HDU1029 Ignatius and the Princess IV(數組中出現次數最多的數)

題目：HDU1029

 

Ignatius and the Princess IV

Time Limit: 2000/1000 MS (Java/Others)    Memory Limit: 65536/32767 K (Java/Others)
Total Submission(s): 44112    Accepted Submission(s): 19470

Problem Description

"OK, you are not too bad, em... But you can never pass the next test." feng5166 says.

"I will tell you an odd number N, and then N integers. There will be a special integer among them, you have to tell me which integer is the special one after I tell you all the integers." feng5166 says.

"But what is the characteristic of the special integer?" Ignatius asks.

"The integer will appear at least (N+1)/2 times. If you can't find the right integer, I will kill the Princess, and you will be my dinner, too. Hahahaha....." feng5166 says.

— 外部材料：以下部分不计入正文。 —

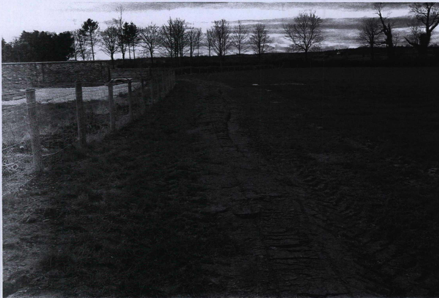
Plate 63. Trench 2. After backfilling Facing south-west.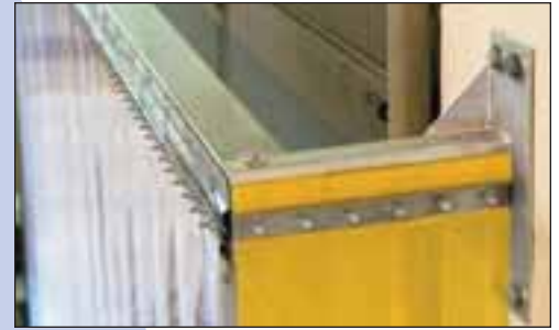
Heavy-Duty Stand-Off-Mount Bracket For Doors Over 12' Wide

StripGard PVC strip doors and curtains are an economical solution for protecting people and goods from adverse environmental conditions. They're inexpensive, easy to install, and can save hundreds of dollars in energy costs every year. They provide thermal insulation, noise reduction, and physical or visual barriers.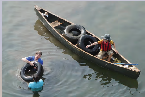
IN-RIVER CLEAN UP

The Lewisburg Neighborhoods Corporation invites everyone to help us clean up our act. There’s a lot to love and to share about our community, but litter is not on the list. For the past few years we have run various clean ups, with the major focus on our “Fall In-River Clean Up” which will take place this year on Saturday, August 27, from 9am to 3pm in Soldiers Park on Water Street in Lewisburg. (Weather and water conditions permitting.)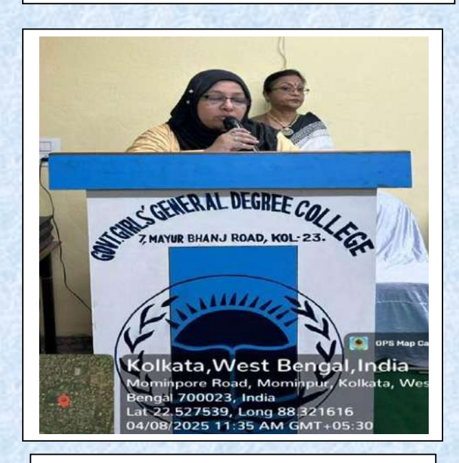
Presentation of Annual report by the honourable Principal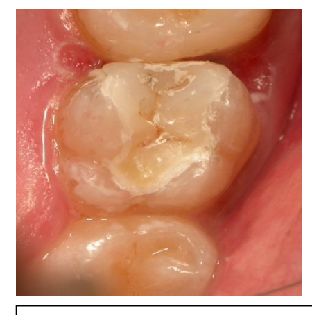
Fig1. 5: Final cementation of the inlay.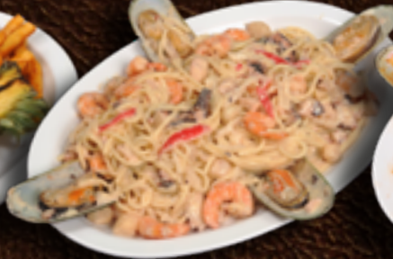
Pasta Con Mariscos 32 95 Alfredo pasta with seafood mix: shrimp, octopus, surimi and mussels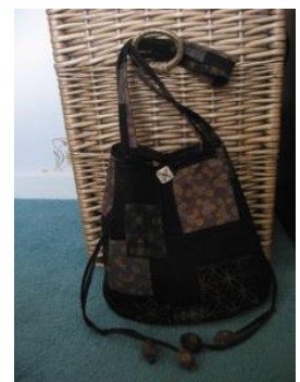
Friday 9 th March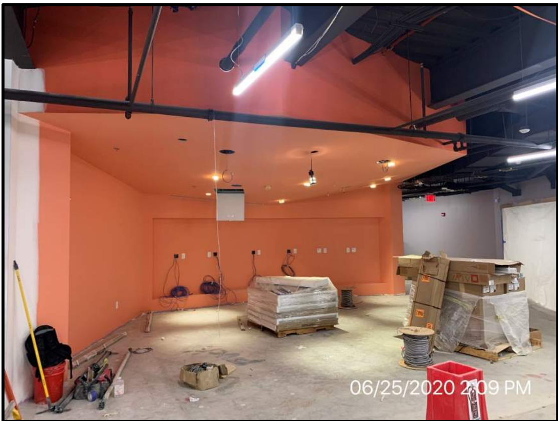
View of new student commons area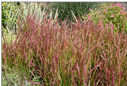
Red Baron Japanese Blood Grass

Red Baron Japanese Blood Grass will grow to be about 20 inches tall at maturity, with a spread of 18 inches. It grows at a slow rate, and under ideal conditions can be expected to live for approximately 20 years. As an herbaceous perennial, this plant will usually die back to the crown each winter, and will regrow from the base each spring. Be careful not to disturb the crown in late winter when it may not be readily seen!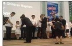
14 Aug 2016 First Baptism and Confirmation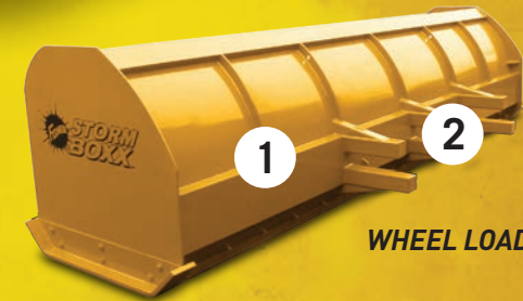
WHEEL LOADER MODEL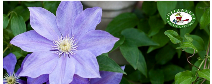
Purple Variety Clematis Image

Can you find the special integer for Ignatius?

Input

The input contains several test cases. Each test case contains two lines. The first line consists of an odd integer N(1<=N<=999999) which indicate the number of the integers feng5166 will tell our hero. The second line contains the N integers. The input is terminated by the end of file.

Output

For each test case, you have to output only one line which contains the special number you have found.

Sample Input

5 1 3 2 3 3 11 1 1 1 1 1 5 5 5 5 5 5 7 1 1 1 1 1 1 1

Sample Output

3 5 1

 

方法一：

先將所有數輸入一個數組，然後用sort函數排序，最後找出出現次數最多的數。我自己做的時候最後一步又是用結構體，又是用數組，其實只要一趟遍歷就行了。

代碼：

#include <iostream>
#include <algorithm>
using namespace std;

int a[1000000];

int main()
{
	int n;
	while (cin >> n)
	{
		for (int i = 0; i < n; i++)
			cin >> a[i];
		sort(a, a + n);
		
		int value, mmax, count = 1;
		value = a[0];
		mmax = 0;
		for (int i = 1; i < n; i++)
		{
			if (a[i] == a[i-1])
				count++;
			else
			{
				if (count > mmax)
				{
					mmax = count;
					value = a[i-1];
				}
				count = 1;
			}
		}
		if (count > mmax)
		{
			mmax = count;
			value = a[n-1];
		}
		
		cout << value << endl;
	}
	
	return 0;
}

 

方法二：

其實第一次排完序之後，直接輸出數組下標爲 (n + 1) / 2 的元素就是正確答案。因爲這個數至少出現 (n + 1) / 2 次，所以排完序後改下標的元素必定是所求元素。

代碼：

#include <iostream>
#include <algorithm>
using namespace std;

int a[1000000];

int main()
{
	int n;
	while (cin >> n)
	{
		for (int i = 0; i < n; i++)
			cin >> a[i];
		sort(a, a + n);
		
		
		cout << a[(n+1)/2] << endl;
	}
	
	return 0;
}

 

方法三：

上面兩種方法都基本是O(nlogn)，而這個方法是O(n)
設置一標誌量num，按照原順序依次迭代，隨便假定一個解，如果num==ans，time++，否則time–，當time爲0時將當前num作爲新解。因爲n爲奇數，且特殊值出現次數大於一半，所以任何情況下，特殊值做爲解時的time不會小於1，所以最終的解一定就是特殊值。

代碼：

#include <iostream>
using namespace std;
 
int main()
{
	int n;
 
	while (cin >> n)
	{
		int time = 0, ans, num;
 
		while (n--)
		{
			cin >> num;
 
			if (time == 0)
			{
				ans = num;
				time++;
			}
			else
			{
				if(num == ans)
					time++;
				else
					time--;
			}
		}
 
		cout << ans << endl;
	}
 
	return 0;
}